Running VMA - NVIDIA Docs

This section shows how to run a simple network benchmarking test and compare the kernel network stack results to VMA.

Before running a user application, you must set the library libvma.so into the environment variable LD_PRELOAD. For further information, please refer to the VMA User Manual.

Example:

Copy
Copied!

            
            $ LD_PRELOAD=libvma.so sockperf server -i 11.4.3.3

Warning

If LD_PRELOAD is assigned with libvma.so without a path (as in the Example) then libvma.so is read from a known library path under your distributions’ OS otherwise it is read from the specified path.

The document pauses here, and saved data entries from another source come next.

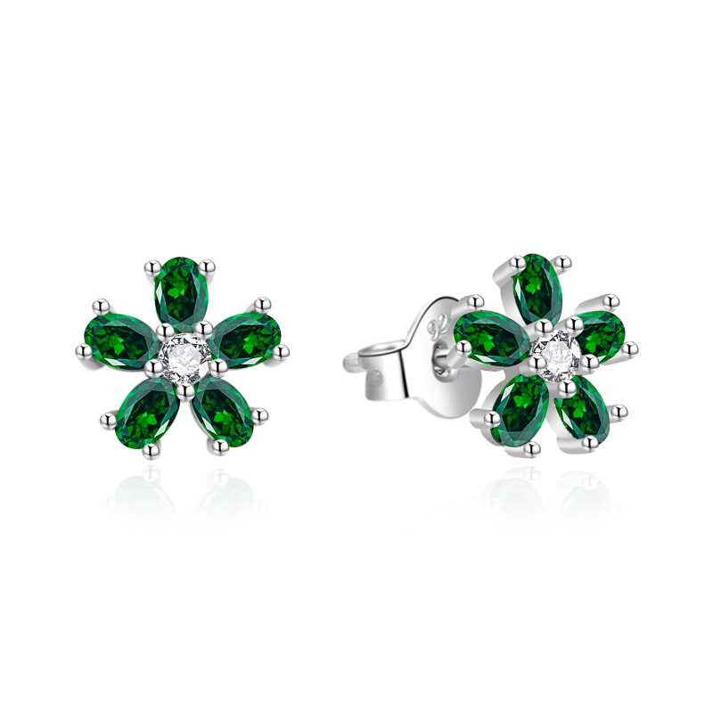 Stříbrné náušnice Kytičky se zelenými zirkony AGT-E243PGR Agato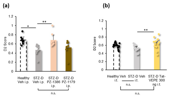 Pro-cognitive effects of 5-HT6 receptor ligands have been reported not only in traumatic neuropathic pain models [21] but also in several paradigms of cognitive impairment [22,23,40,41]. Because diabetic rats, like diabetic humans [9], develop cognitive deficits, we next examined whether inverse agonists and peptidyl mimetic strategy would be effective in ameliorating cognitive deficits associated with chronic pain in hyperalgesic diabetic rats. We, therefore, tested the effect of PZ-1179 and PZ-1386 upon episodic memory (NOR task). STZ diabetic rats treated with vehicle failed to discriminate a novel object from the familiar one (Figure 5a, Table 1). Systemic (i.p.) administration of PZ-1386 (25 µmol/kg) but not PZ-1179 (25 µmol/kg) restored the episodic memory deficit elicited by pDN (Figure 5a, Table 1). Reminiscent of the pro-cognitive effect of PZ-1386, intrathecal injection of Tat-VEPE (300 ng/rat) increased novelty discrimination in STZ diabetic rats (Figure 5b, Table 1).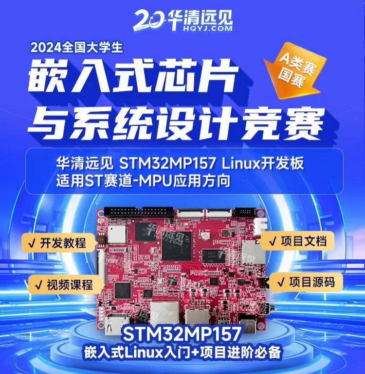 第七屆(2024)全國大學生嵌入式芯片與系統(tǒng)設計競賽(以下簡稱“大賽”)已經(jīng)拉開帷幕,大賽的報名熱潮正席卷而來。嵌入式大賽截至今年已連續(xù)舉辦七屆,作為教育部認可的全國普通高校大學生國家級A類賽事,也成為衡量高校大學生電子類專業(yè)技術(shù)實踐能力的重要指標之一。為了支持和保障嵌入式國際大賽ST賽道-MPU應用方向參賽者的作品質(zhì)量,華清遠見推出STM32MP157 Linux開發(fā)板及配套資源,為參賽者提供技術(shù)平臺支撐。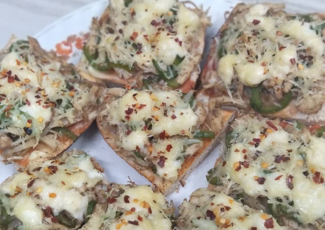 - On top put grated cheese and sprinkle some chilli flakes.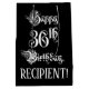 This elegant and elaborate birthday gift bag design features the message “Happy 36th Birthday,” in lavish script style text, on a black coloured background. It also has an editable recipient name. A gift bag like this might be used when giving a gift or present in honour of somebody’s thirty sixth birthday. [~Z0000557]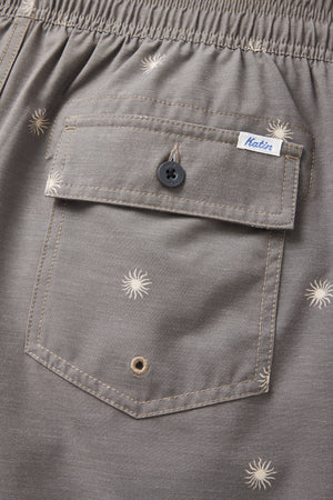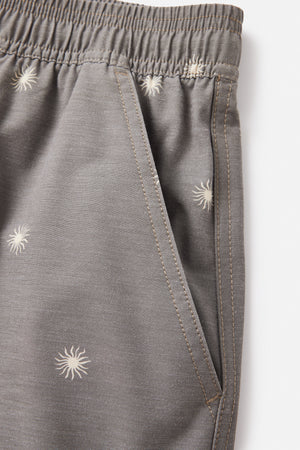 Featuring a custom sun pattern, the Shine Volley comes in a new tri-blend fabric, featuring Repreve recycled polyester. Front slash pockets, an elastic waist, mesh brief lining and an interior stash pocket, ready for the beach or day-to-day.

As a result, a VMA header message should precede your running application.

Copy
Copied!

            
             VMA INFO: VMA_VERSION: 9.7.0-1 Release built on Oct 31 2022 14:45:59
 VMA INFO: Cmd Line: sockperf
 VMA INFO: OFED Version: MLNX_OFED_LINUX-5.8-1.0.1.1:
 VMA INFO: ---------------------------------------------------------------------------

The output will always show:

The VMA version
The application’s name (in the above example: Cmd Line: sockperf sr)

The appearance of the VMA header indicates that the VMA library is loaded with your application.

Running VMA using non-root Permission

Check if the LD can find the libvma library.

Copy
Copied!

            
            ld -lvma –verbose

Set the UID bit to enforce user ownership.

Copy
Copied!

            
            sudo chmod u+s /usr/lib64/libvma*
sudo chmod u+s /sbin/sysctl

Grant CAP_NET_RAW privileges to the application.

Copy
Copied!

            
            sudo setcap cap_net_raw,cap_net_admin+ep /usr/bin/sockperf

Launch the application under no root.

Copy
Copied!

            
            LD_PRELOAD=libvma.so sockperf sr --tcp -i 10.0.0.4 -p 12345
LD_PRELOAD=libvma.so sockperf pp --tcp -i 10.0.0.4 -p 12345 -t10

Benchmarking Example

Prerequisites

Install sockperf –a tool for network performance measurement
This can be done by either
- Downloading and building from source from: https://github.com/Mellanox/sockperf
- Using
  Copy
  
  Copied!
```
            
            yum install: yum install sockperf
        
```
Two machines, one serves as the server and the second as a client
- Management interfaces configured with an IP that machines can ping each other
- Physical installation of an NVIDIA® NIC in your machines

Your system must recognize the NVIDIA® NIC. To verify it recognizes it, run:

Copy
Copied!

            
            lspci | grep Mellanox

Output example:

Copy
Copied!

            
            $ lspci | grep Mellanox
82:00.0 Ethernet controller: Mellanox Technologies MT28800 Family [ConnectX-5 Ex]
82:00.1 Ethernet controller: Mellanox Technologies MT28800 Family [ConnectX-5 Ex]

Kernel Performance

Kernel Performance Server Side

On the first machine run:

Copy
Copied!

            
            $ sockperf server -i 11.4.3.3

Server side example output:

Copy
Copied!

            
            sockperf: [SERVER] listen on:sockperf: == version #3.7-no.git ==
sockperf: [SERVER] listen on:
[ 0] IP = 11.4.3.3        PORT = 11111 # UDP
sockperf: Warmup stage (sending a few dummy messages)...
sockperf: [tid 124545] using recvfrom() to block on socket(s)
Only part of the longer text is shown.